▶ SUPPLIED DATA:
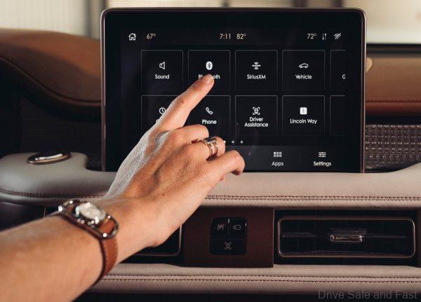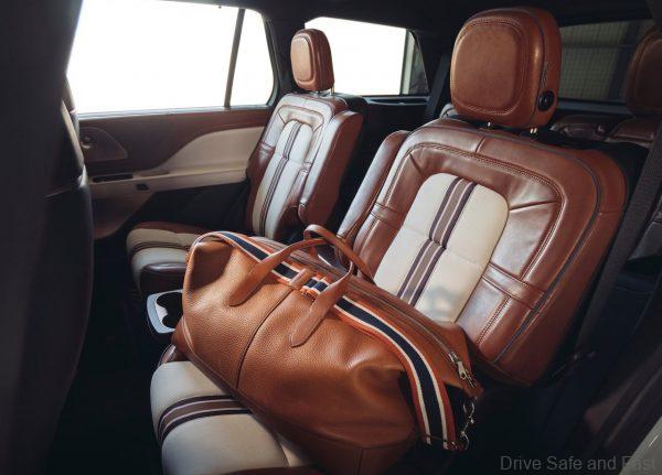 Taking cues from the Shinola brand stripe, a woven textile sewn into the seats in all three rows makes for a unique, textural look. Liam Butler, Lincoln color and material designer, says he took each stitch of the original stripe then scaled to proportion, adding a blue tone that acknowledges Lincoln’s many signature blues.
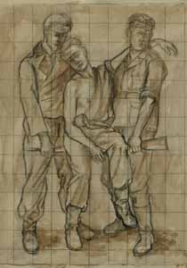 2 Soldaten einen Verwundeten tragend, 1943, Maße: 55 x 39 cm, Zeichnung, Kohle u. Aquarellfarbe auf Zeichenpapier; Entwurf zu einem großen Triptychon für eine Festhalle; Erbengem. Arndt - Reg.-Nr.: E 43 -11/25 - 24
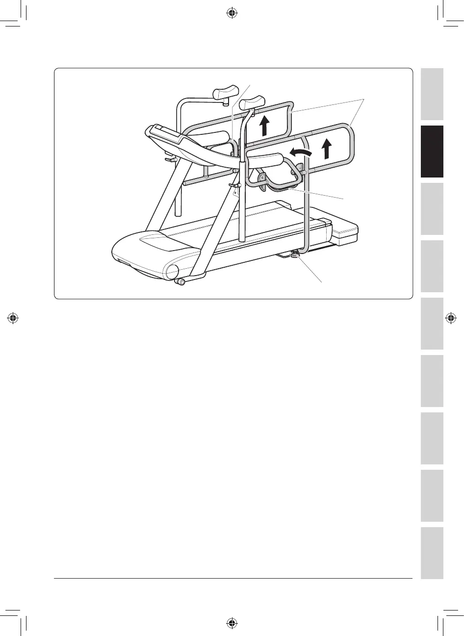 Per regolare l’altezza dei bracci inferiori (C) dei supporti laterali, premere la leva (D) e
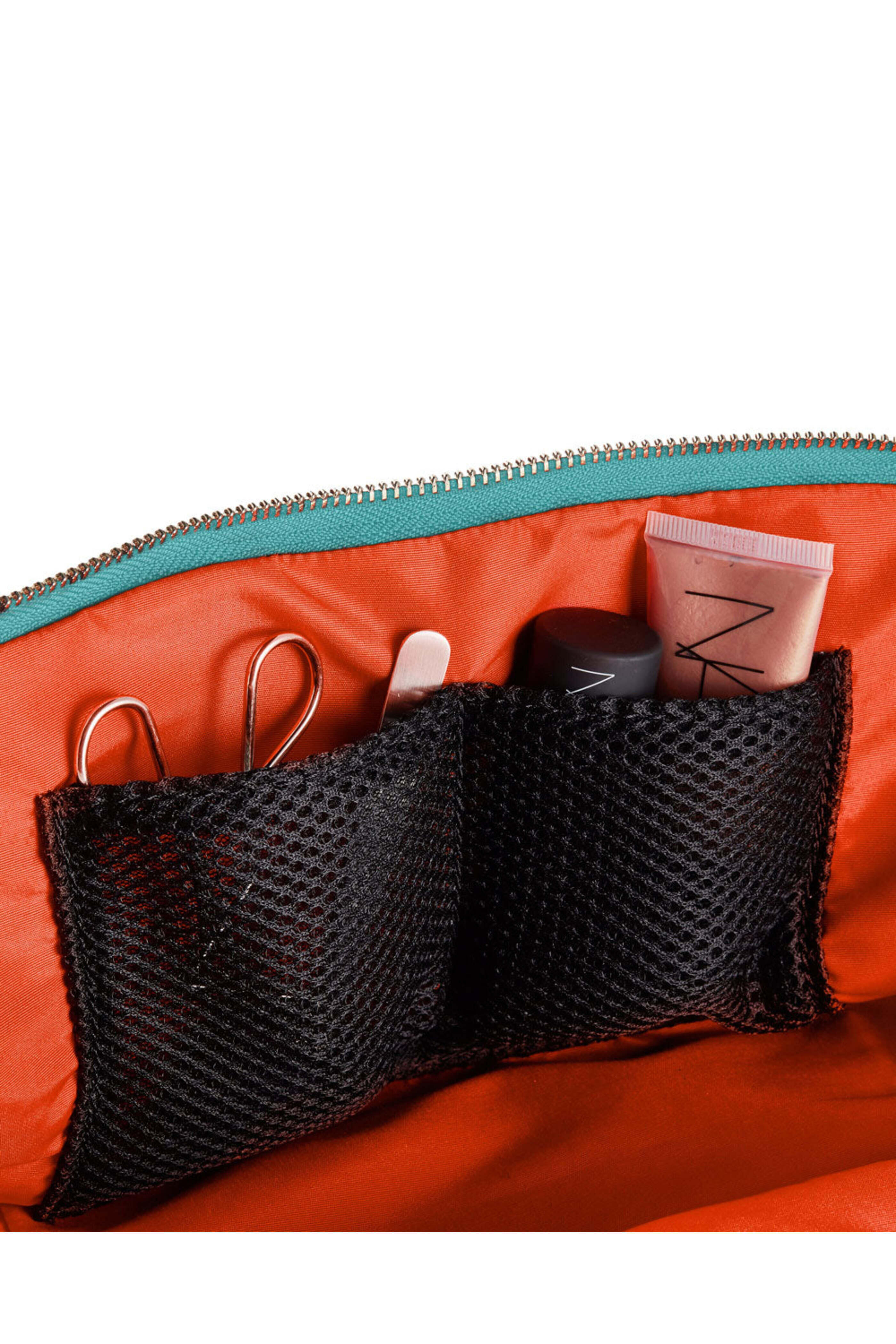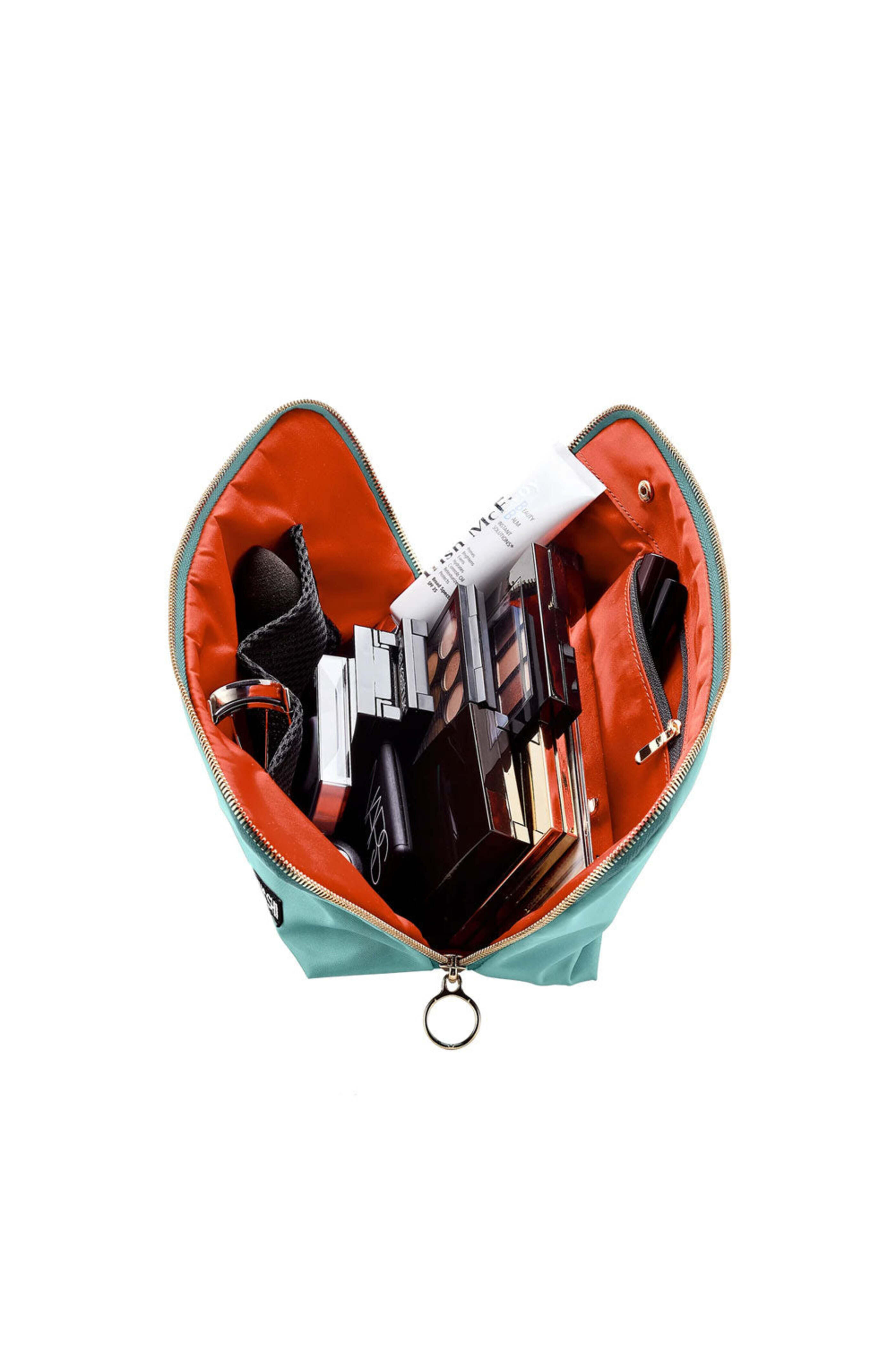Exterior zipper on 3 sides. Interior zip and double mesh pockets. Gold plated hardware. Kusshi signature logo. Innovative flat bottom design allows bag to stand up on its own. Nylon interior. 11.5W x 6H x 5D. Holds 15-20 products. Machine washable with luxury Micro satin exterior.

▶ ASSIGNMENT: Repeat the lines above precisely and skip every picture.

▶ RESPONSE TO THE EXERCISE:
 Taking cues from the Shinola brand stripe, a woven textile sewn into the seats in all three rows makes for a unique, textural look. Liam Butler, Lincoln color and material designer, says he took each stitch of the original stripe then scaled to proportion, adding a blue tone that acknowledges Lincoln’s many signature blues.
 2 Soldaten einen Verwundeten tragend, 1943, Maße: 55 x 39 cm, Zeichnung, Kohle u. Aquarellfarbe auf Zeichenpapier; Entwurf zu einem großen Triptychon für eine Festhalle; Erbengem. Arndt - Reg.-Nr.: E 43 -11/25 - 24
 Per regolare l’altezza dei bracci inferiori (C) dei supporti laterali, premere la leva (D) e
Exterior zipper on 3 sides. Interior zip and double mesh pockets. Gold plated hardware. Kusshi signature logo. Innovative flat bottom design allows bag to stand up on its own. Nylon interior. 11.5W x 6H x 5D. Holds 15-20 products. Machine washable with luxury Micro satin exterior.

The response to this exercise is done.